Ворлонцы переглянулись между собой поверх зеркала, синхронно развернувшись полукругом, так что закачались тяжелые складки мантий.
"Ты не понимаешь".
"Ну вот, они живые, - подумала Лита. - Совсем живые и, кажется, не окончательно разочаровались во мне, раз еще чего-то хотят".
Она подняла руку к лицу - щеки были мокры от потока теплых слез.
- Как это может быть, разве вы не умерли?

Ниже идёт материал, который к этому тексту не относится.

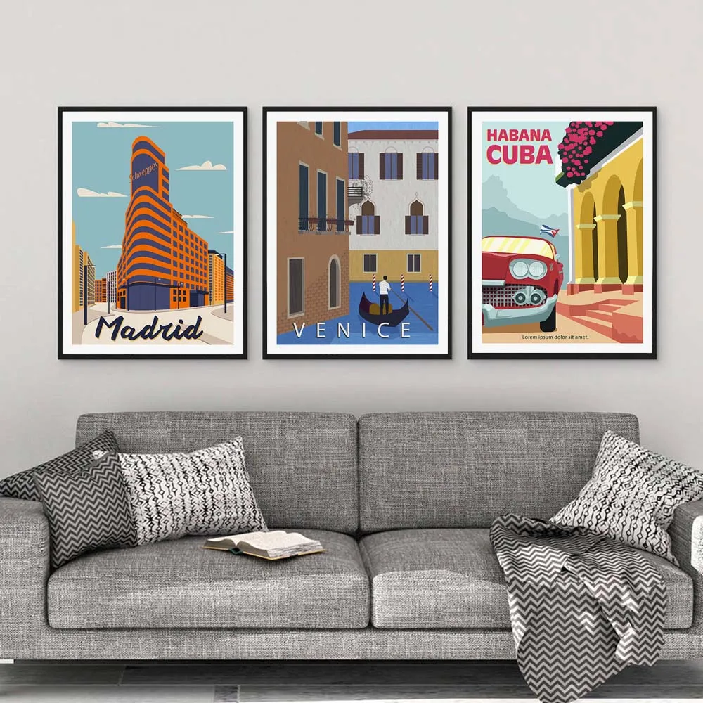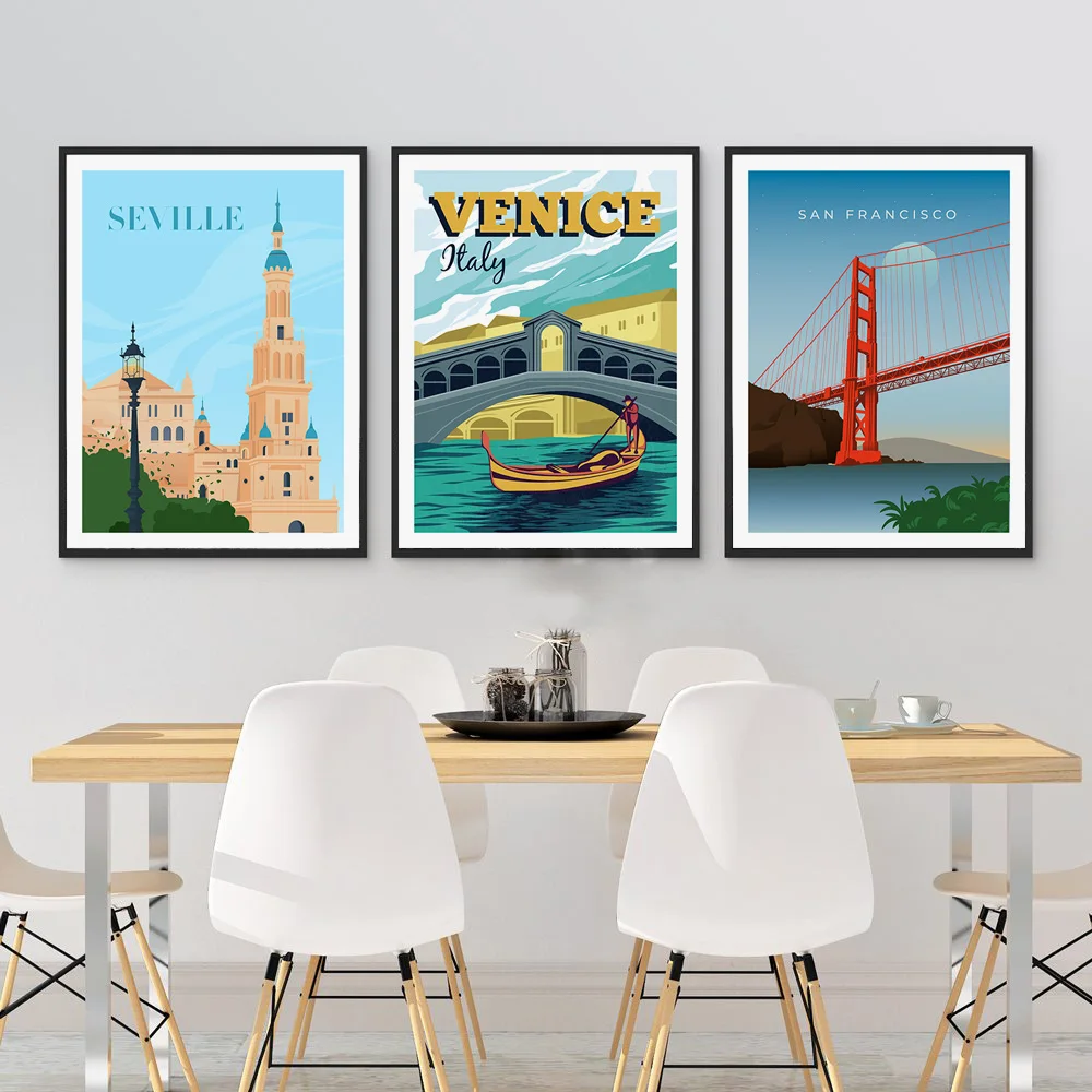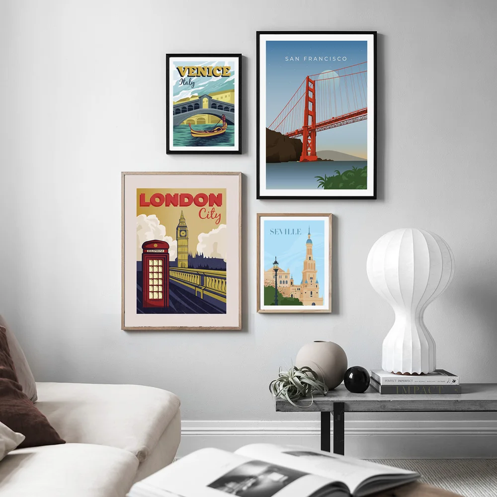Сан-Франциско Севилья Лондон шаблон городской ландшафт Искусство Холст Живопись скандинавские принты декор гостиной

Можно ли перепутать видение со сном, а реальность - с видением, может ли быть так, что она находится сейчас совсем в другом месте, в пси-корпусе или больнице, а Коши - лишь тени из ее подсознания?
Может быть, она мертва.
- Смерти нет. Ты находишься здесь и сейчас.
- Где мы?
- Поднимись и посмотри на себя.
Первым движением она рванулась было привстать и заглянуть в зеркало, но резкое усилие отдалось всплеском боли в истерзанном теле, а следом пришел ужас, а с ним - понимание, что она вовсе не хочет смотреть на себя.
Что она там может увидеть? Раскрошенная в труху, разбитая на части, никогда не имевшая себя, потерявшая смысл и цель своего существования, подменившая его мелкими поводами жить, просчитавшаяся в самом главном.
Тогда заговорил Кош:
- Тебе предложено нечто очень большое, ты можешь взять это или отказаться, но ты не можешь разорвать это на куски. Да или нет?

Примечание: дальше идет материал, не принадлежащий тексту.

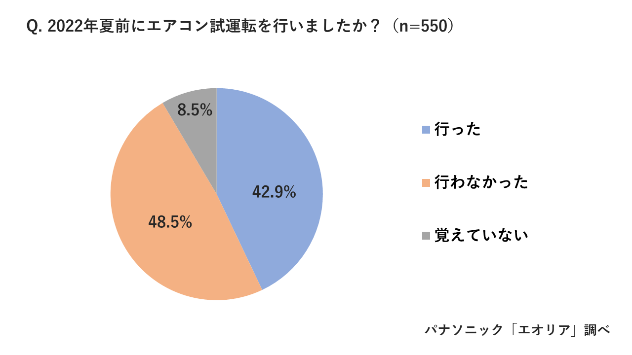 続いて、「2022年夏前にエアコン試運転を行いましたか」という質問では、42.9%が「行った」、48.5%が「行わなかった」という結果に。昨年行った「2021年夏前の試運転状況」は、53.6%が「行った」、46.4%が「行わなかった」と回答していたことから、試運転を行った方が前年比で約10%減少したことになります。
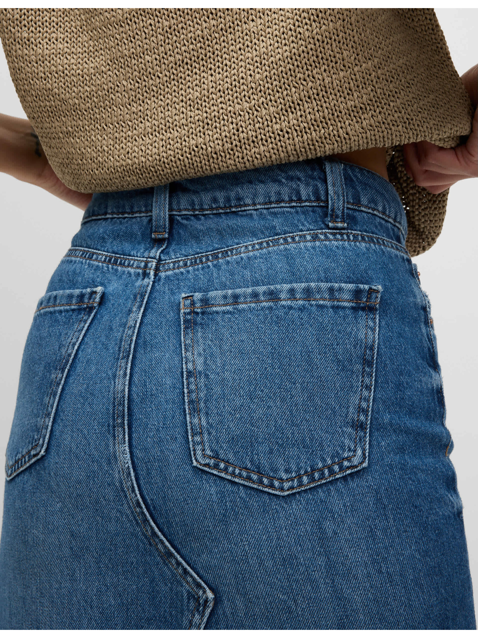 Džínsová puzdrová midi sukňa GAP
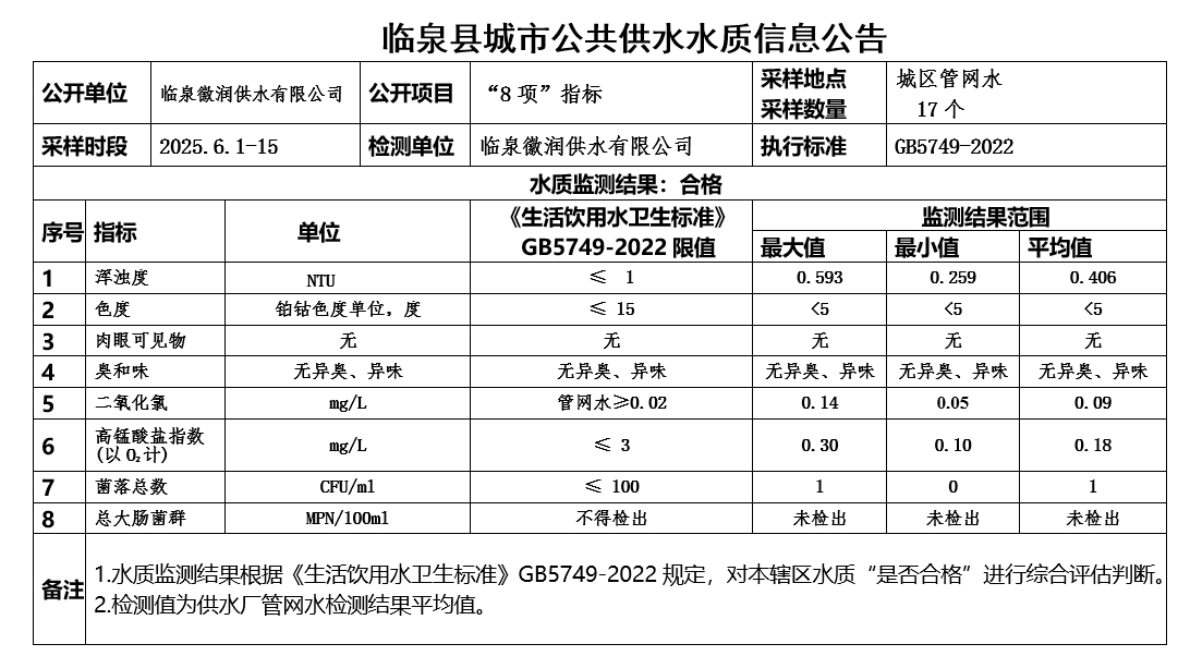 下一条: 临泉县城市公共供水水质信息公告2025年6月9日至2025年6月15日(9项)
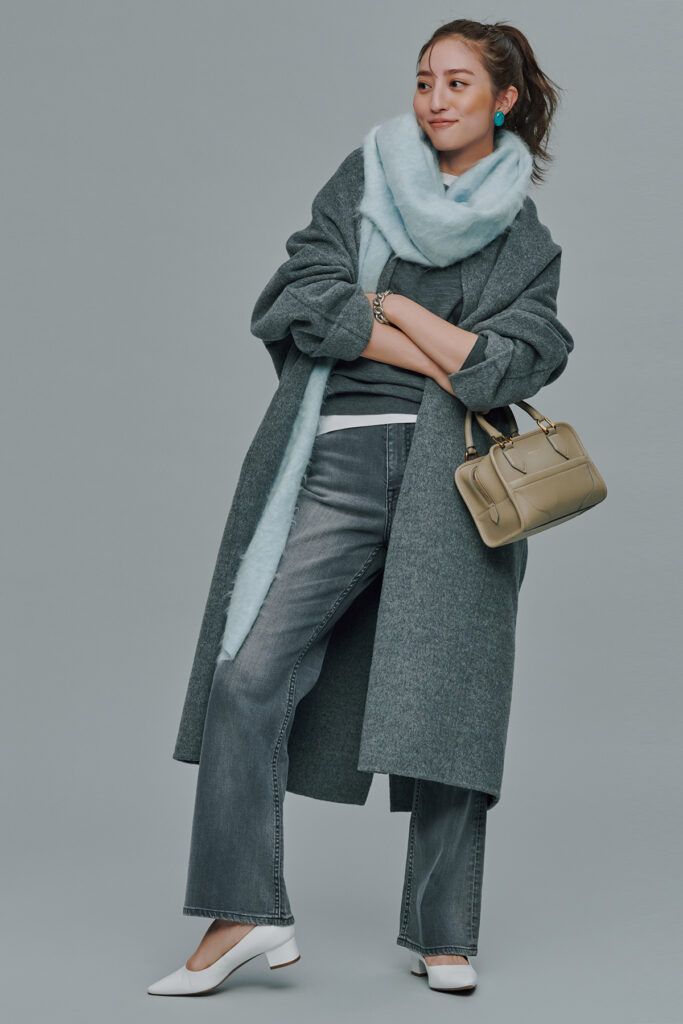 いつもなら黒を選んでいたコートやパンツも、グレーに替えるだけで今年らしく更新されます。ニットやデニムの異素材を組み合わせたり、白をレイヤードや足元に効果的に使ったりすることで、真面目な着こなしから脱却。細部に宿るひと手間が、コーデの完成度を高めます。

И внимание ее обратилось внутрь ее самой, и вся жизнь пронеслась перед внутренним взором яркими всполохами. Принять - что? Все эти годы потерь, обид и страданий, редко-редко перемежающиеся мимолетными пятнами счастья.

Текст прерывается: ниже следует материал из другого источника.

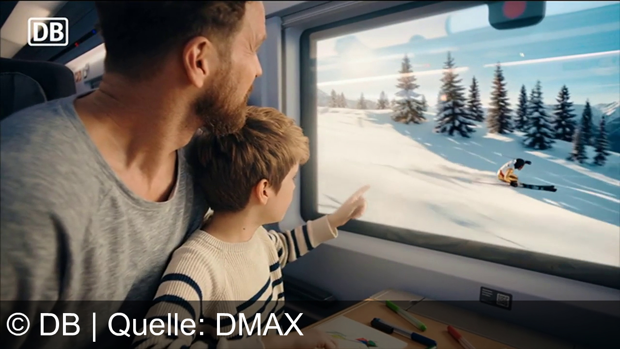 Ein Mann und ein Junge sitzen in einem Zugabteil. Der Junge zeigt aus dem Fenster auf eine verschneite Winterlandschaft, wo ein Skifahrer im Schnee fährt. Auf dem Tisch liegen bunte Stifte und Papier. Oben links befindet sich ein Logo mit den Buchstaben "DB".
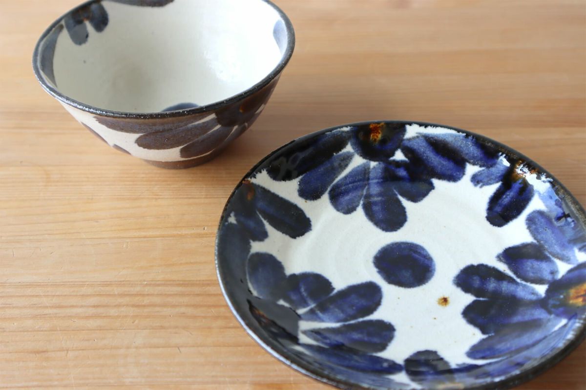 やちむん 五寸皿 唐草染付(緑飴)/やちむん工房與那嶺
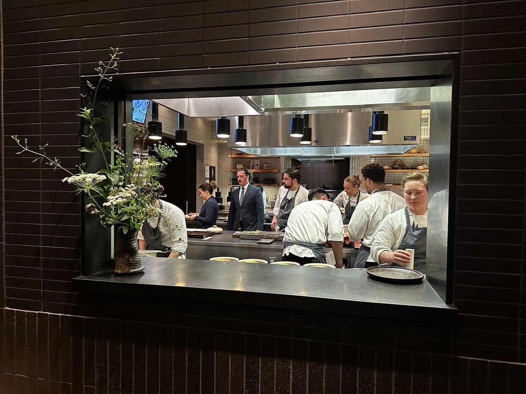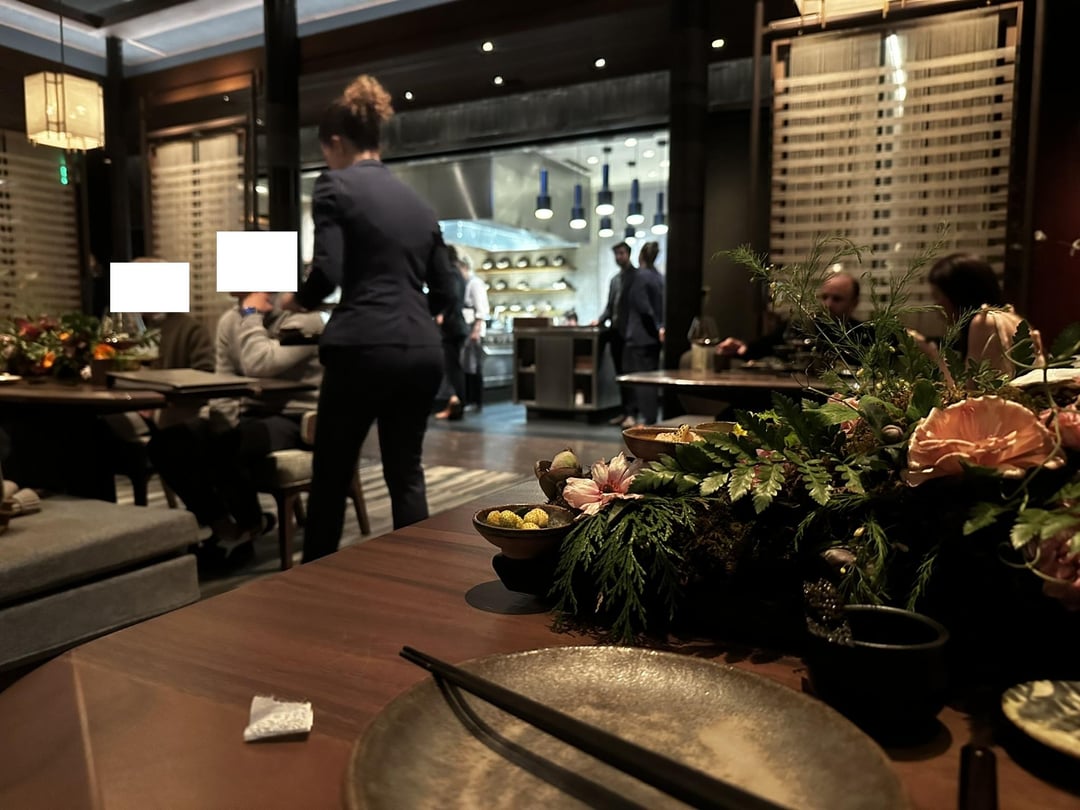 One of the hosts then led me to my table. The main dining room is bright and inviting with wooden accents all around and instrumental music playing in the background that collectively led me to loosen my shoulders and anticipate a relaxed evening. Where Addison’s space felt imposing and quiet, the atmosphere here felt a lot more open and vibrant. My table was located in a nice spot on one side of the dining room that was both people-watching-friendly and had a really nice view of the open kitchen. As I’ve found to be the case at other high starred restaurants, I imagine this is one of their designated spots for solo diners – one that gives your eyes multiple “options” to study or zone out on in between courses.

Сказать "да" - той девочке-сироте при живых родителях, бросивших ее на воспитание в заведение, напоминающее помесь монастыря и казармы, так никогда не позволивших ей узнать - почему?
"Да" - ломающей душу идеологии, запрещающей сомневаться и верить, сострадать и любить, в которую она так верила какое-то время, потому что ей хотелось во что-нибудь верить. Стоит ей вспомнить сейчас о себе молодой, как внутренности свиваются в жгут от стыда - а она еще не успела ничего натворить, никого не убила, не пытала, не свела с ума. Только смотрела, как это делают другие, и остановилась - слишком поздно, для того, чтоб не корчиться в муках вины.
"Да" - прошедшим впустую годам, занятым той работой, которую не она себе выбирала, просто никто не давал ей возможности выбирать.
Вот, она чувствует вкус своей жизни на языке, и она горька, как полынь.
"Да" - внезапной, одинокой и страшной смерти Коша, случившейся, когда Лита была за тысячи тысяч миль.
"Да" - ледяному холоду Улкеша, испытывающего ее на прочность - зачем? Или просто потому, что он не мог быть другим?
"Да" - жестокости правительства Ворлона и ответной жесткости перепуганной кучке людей, убившей в страхе того, кто показался им самым досягаемым врагом из всех?
"Да" - одиночеству и забытости после великой войны, мелким и оттого еще более унизительным бюрократическим дрязгам, безработице и безденежью?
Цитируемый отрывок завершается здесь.